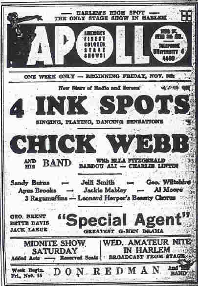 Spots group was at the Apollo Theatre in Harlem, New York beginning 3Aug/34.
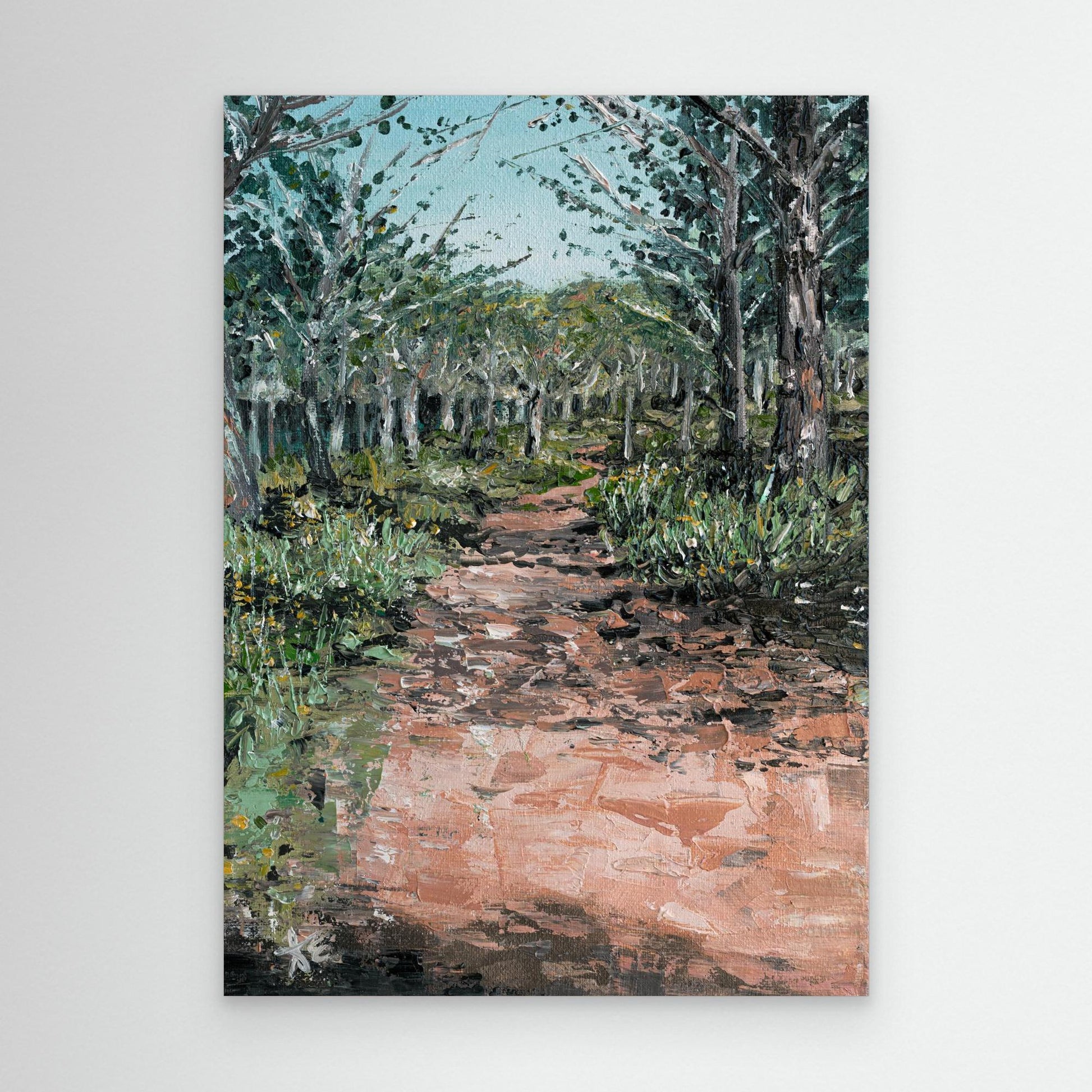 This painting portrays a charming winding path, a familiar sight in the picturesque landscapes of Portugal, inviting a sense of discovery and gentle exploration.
-*-*-
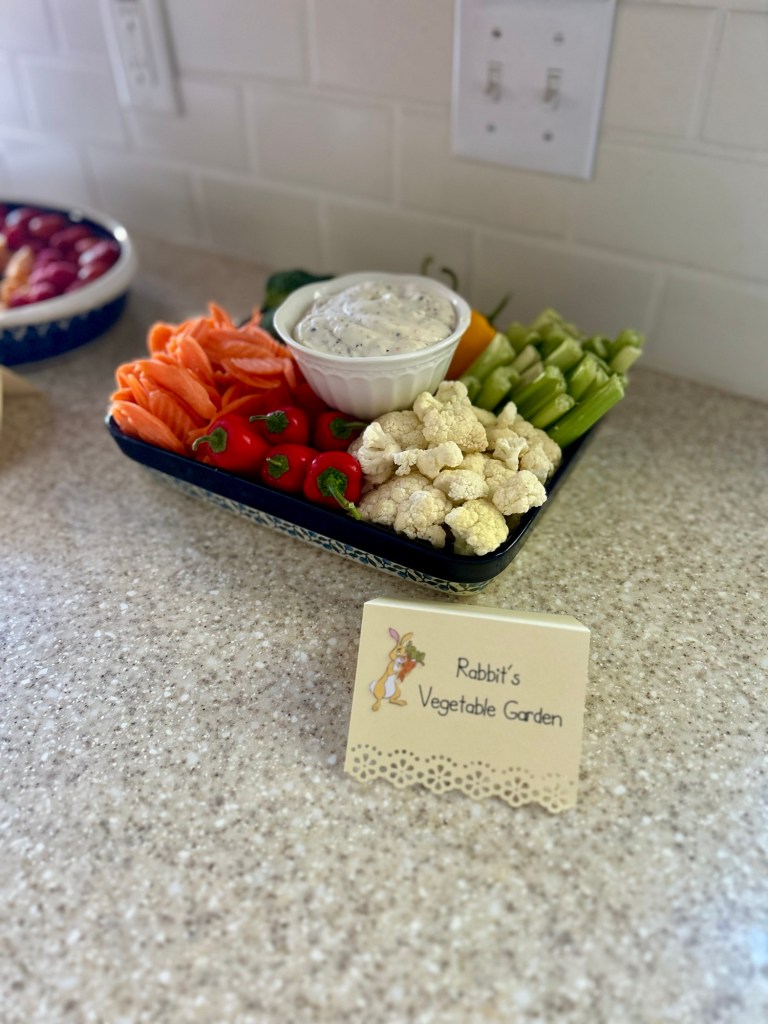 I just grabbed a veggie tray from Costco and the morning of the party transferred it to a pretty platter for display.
-*-*-
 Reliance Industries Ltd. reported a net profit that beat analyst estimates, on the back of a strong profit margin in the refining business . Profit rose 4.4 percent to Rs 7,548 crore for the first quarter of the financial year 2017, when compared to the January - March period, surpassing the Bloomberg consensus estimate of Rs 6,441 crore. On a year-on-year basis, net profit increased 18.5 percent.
-*-*-
Find the line with "Spots group was" in the data above, and from there retype each line exactly through the line with "This painting portrays", skipping the pictures along the way.

 Spots group was at the Apollo Theatre in Harlem, New York beginning 3Aug/34.
 This painting portrays a charming winding path, a familiar sight in the picturesque landscapes of Portugal, inviting a sense of discovery and gentle exploration.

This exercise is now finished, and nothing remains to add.